_RECORD EXCERPTS_

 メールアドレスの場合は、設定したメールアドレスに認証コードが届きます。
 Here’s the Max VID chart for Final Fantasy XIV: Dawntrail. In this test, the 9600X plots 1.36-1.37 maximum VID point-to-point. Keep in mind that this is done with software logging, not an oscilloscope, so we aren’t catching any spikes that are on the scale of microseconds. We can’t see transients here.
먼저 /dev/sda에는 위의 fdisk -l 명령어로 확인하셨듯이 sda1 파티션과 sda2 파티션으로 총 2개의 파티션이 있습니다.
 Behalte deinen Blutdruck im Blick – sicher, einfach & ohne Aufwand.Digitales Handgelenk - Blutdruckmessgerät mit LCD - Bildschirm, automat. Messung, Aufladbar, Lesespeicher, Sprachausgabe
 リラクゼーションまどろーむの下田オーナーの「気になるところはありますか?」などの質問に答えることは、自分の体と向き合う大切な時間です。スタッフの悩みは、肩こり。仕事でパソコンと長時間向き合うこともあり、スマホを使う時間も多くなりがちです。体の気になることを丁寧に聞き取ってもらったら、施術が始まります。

==

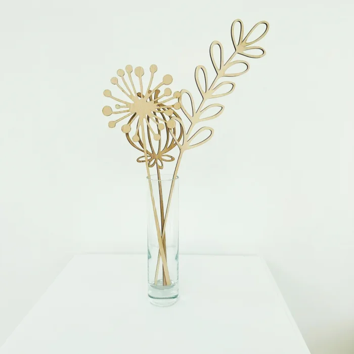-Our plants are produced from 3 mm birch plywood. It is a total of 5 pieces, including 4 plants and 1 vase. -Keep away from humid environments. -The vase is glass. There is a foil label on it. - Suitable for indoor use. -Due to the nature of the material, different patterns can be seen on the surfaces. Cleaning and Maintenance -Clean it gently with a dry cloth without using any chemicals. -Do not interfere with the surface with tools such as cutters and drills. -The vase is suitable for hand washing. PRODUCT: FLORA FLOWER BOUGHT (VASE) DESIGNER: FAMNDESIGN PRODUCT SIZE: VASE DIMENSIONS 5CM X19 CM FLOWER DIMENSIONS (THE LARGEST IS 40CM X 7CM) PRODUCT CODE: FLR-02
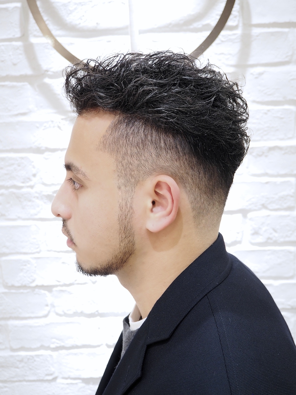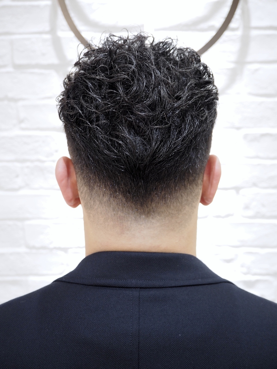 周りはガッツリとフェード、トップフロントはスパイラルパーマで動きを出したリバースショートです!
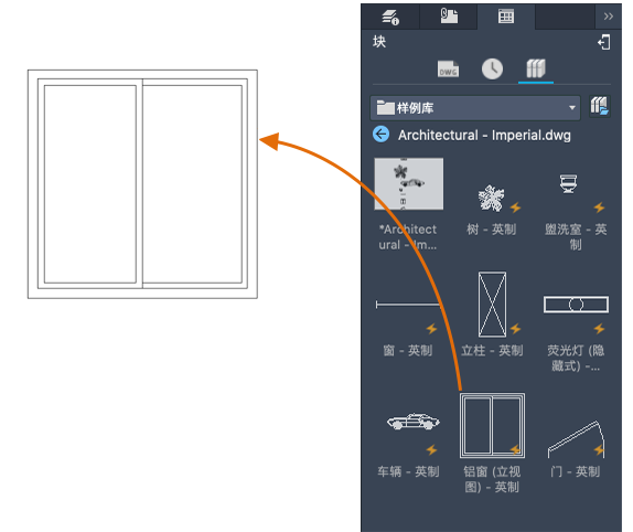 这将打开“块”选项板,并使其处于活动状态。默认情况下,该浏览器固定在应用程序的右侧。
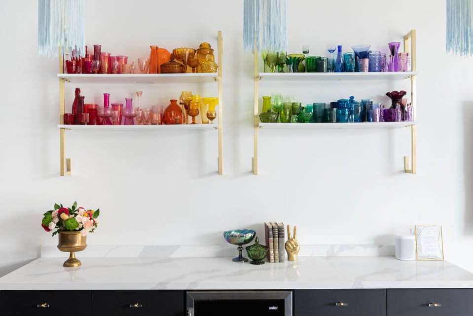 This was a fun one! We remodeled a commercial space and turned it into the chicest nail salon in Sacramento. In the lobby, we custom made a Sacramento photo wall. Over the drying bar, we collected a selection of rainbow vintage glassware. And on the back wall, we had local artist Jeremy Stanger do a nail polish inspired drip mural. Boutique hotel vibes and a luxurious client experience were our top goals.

...

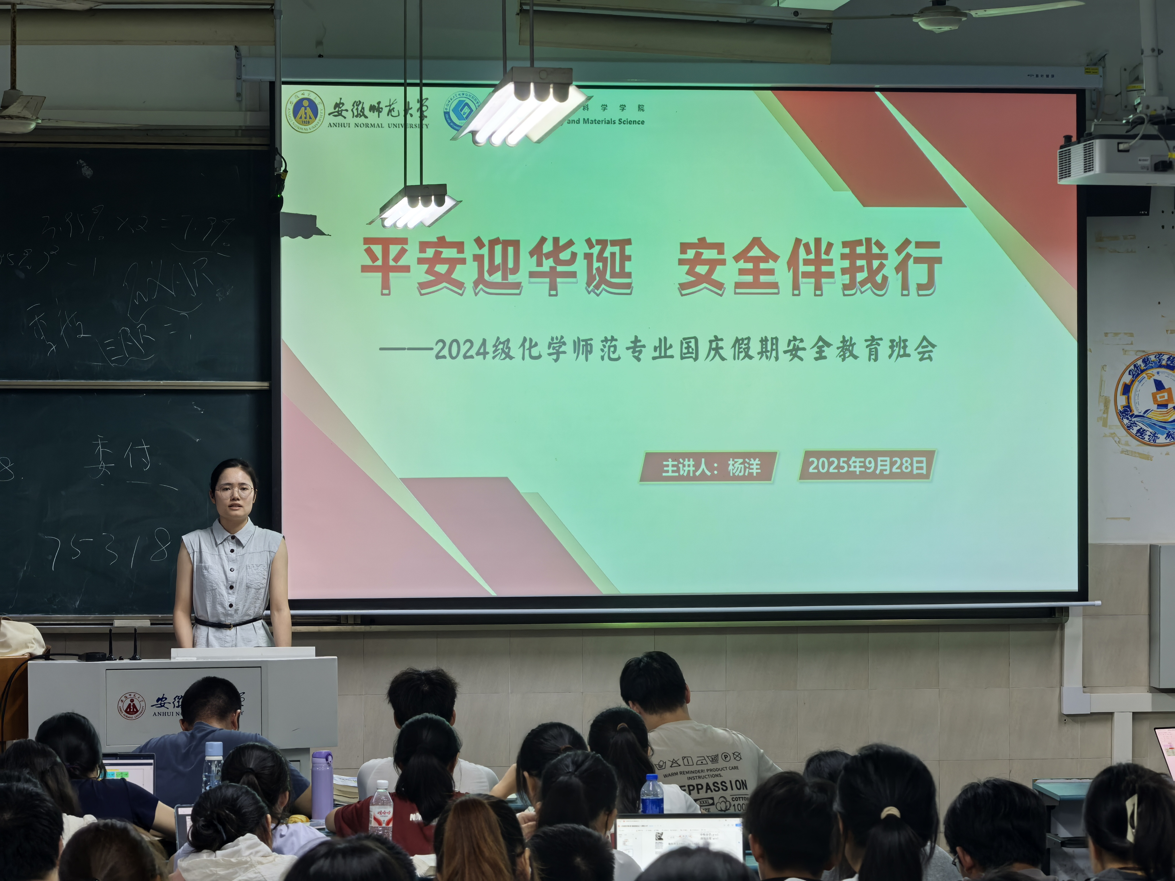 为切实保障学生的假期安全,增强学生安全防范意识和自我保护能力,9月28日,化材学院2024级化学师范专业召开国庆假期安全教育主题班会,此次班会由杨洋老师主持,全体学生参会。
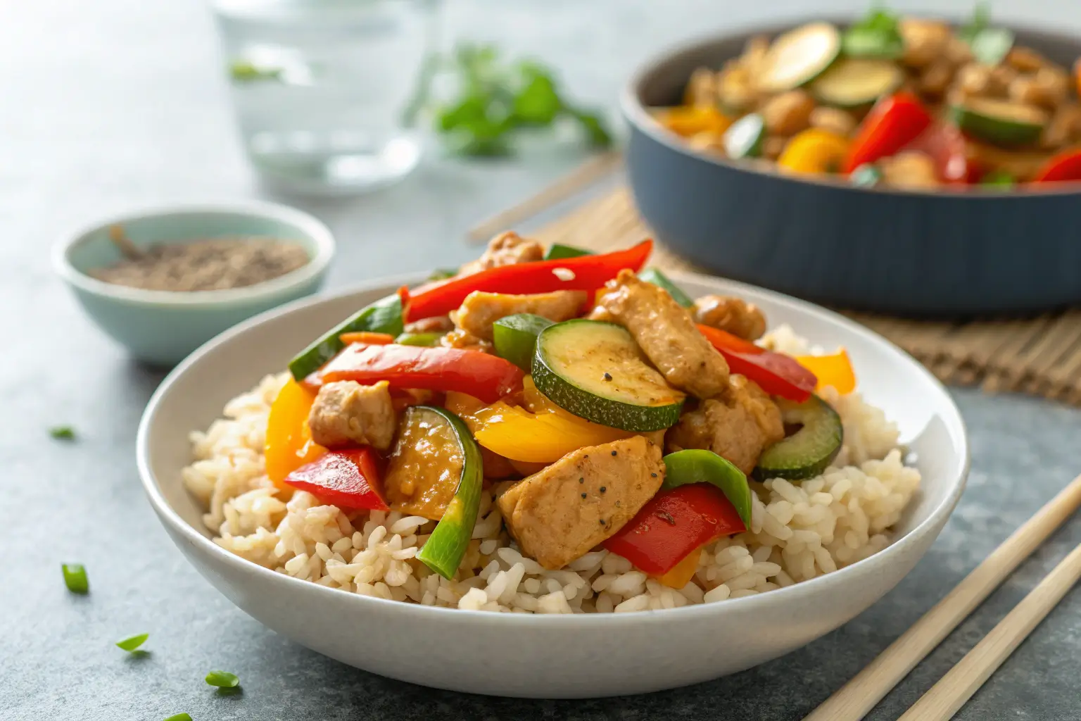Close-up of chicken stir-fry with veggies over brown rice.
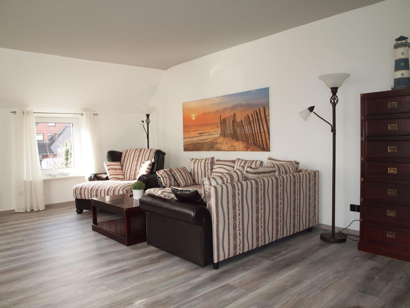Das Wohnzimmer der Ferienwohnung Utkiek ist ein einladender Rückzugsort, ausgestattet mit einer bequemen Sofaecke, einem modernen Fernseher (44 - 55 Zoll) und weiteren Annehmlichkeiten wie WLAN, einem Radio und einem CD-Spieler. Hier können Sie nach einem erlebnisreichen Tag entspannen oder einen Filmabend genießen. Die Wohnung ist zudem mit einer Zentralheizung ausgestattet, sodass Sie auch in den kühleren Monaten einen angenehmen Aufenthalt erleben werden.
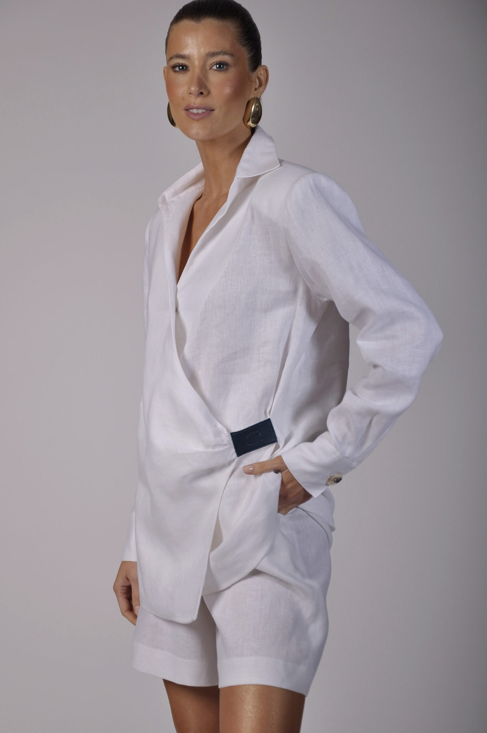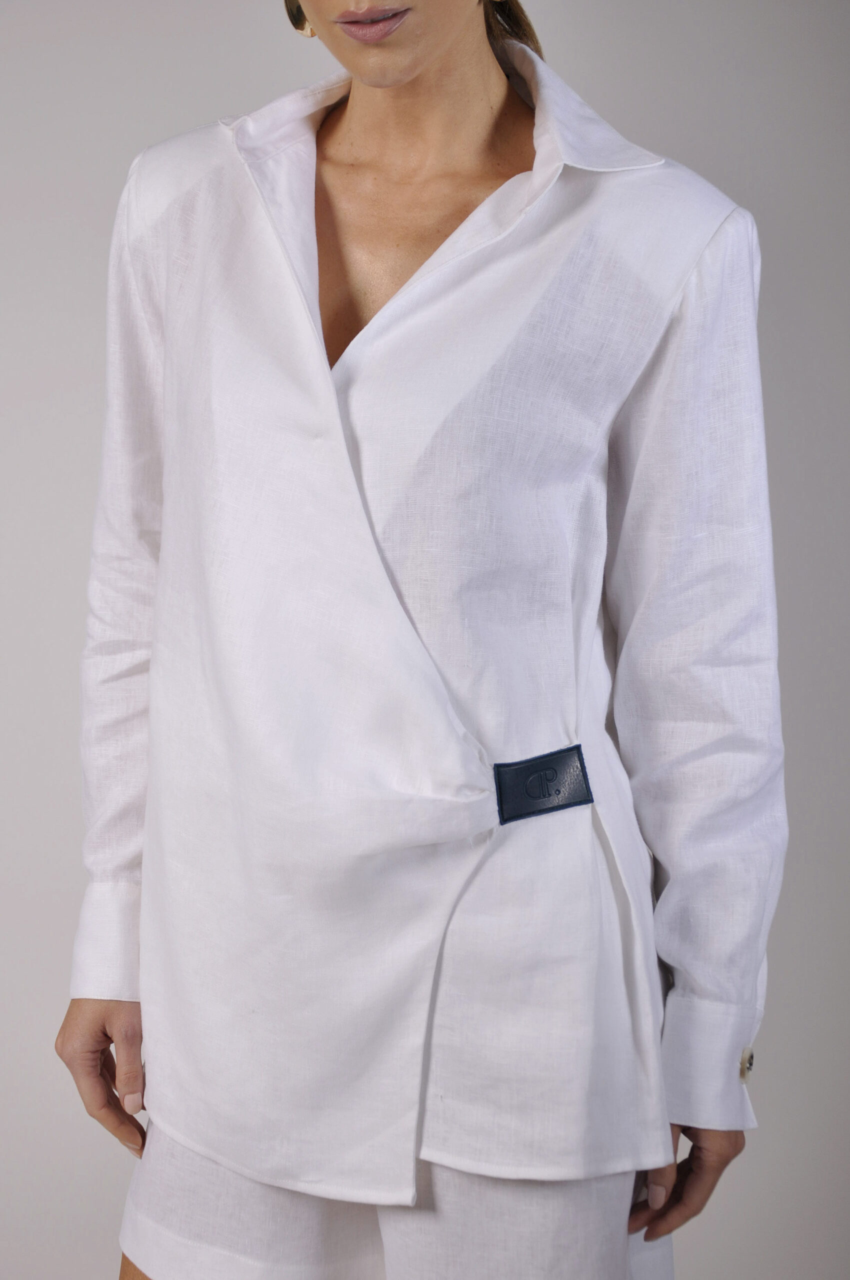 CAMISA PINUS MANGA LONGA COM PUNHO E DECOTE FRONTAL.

_PROBLEM DESCRIPTION_
With the pictures removed from your copy, retype the lines above from the one that contains "Close-up of chicken" through the one that contains "CAMISA PINUS MANGA", exactly.

_RESULT OF THE EXERCISE_
Close-up of chicken stir-fry with veggies over brown rice.
Das Wohnzimmer der Ferienwohnung Utkiek ist ein einladender Rückzugsort, ausgestattet mit einer bequemen Sofaecke, einem modernen Fernseher (44 - 55 Zoll) und weiteren Annehmlichkeiten wie WLAN, einem Radio und einem CD-Spieler. Hier können Sie nach einem erlebnisreichen Tag entspannen oder einen Filmabend genießen. Die Wohnung ist zudem mit einer Zentralheizung ausgestattet, sodass Sie auch in den kühleren Monaten einen angenehmen Aufenthalt erleben werden.
 CAMISA PINUS MANGA LONGA COM PUNHO E DECOTE FRONTAL.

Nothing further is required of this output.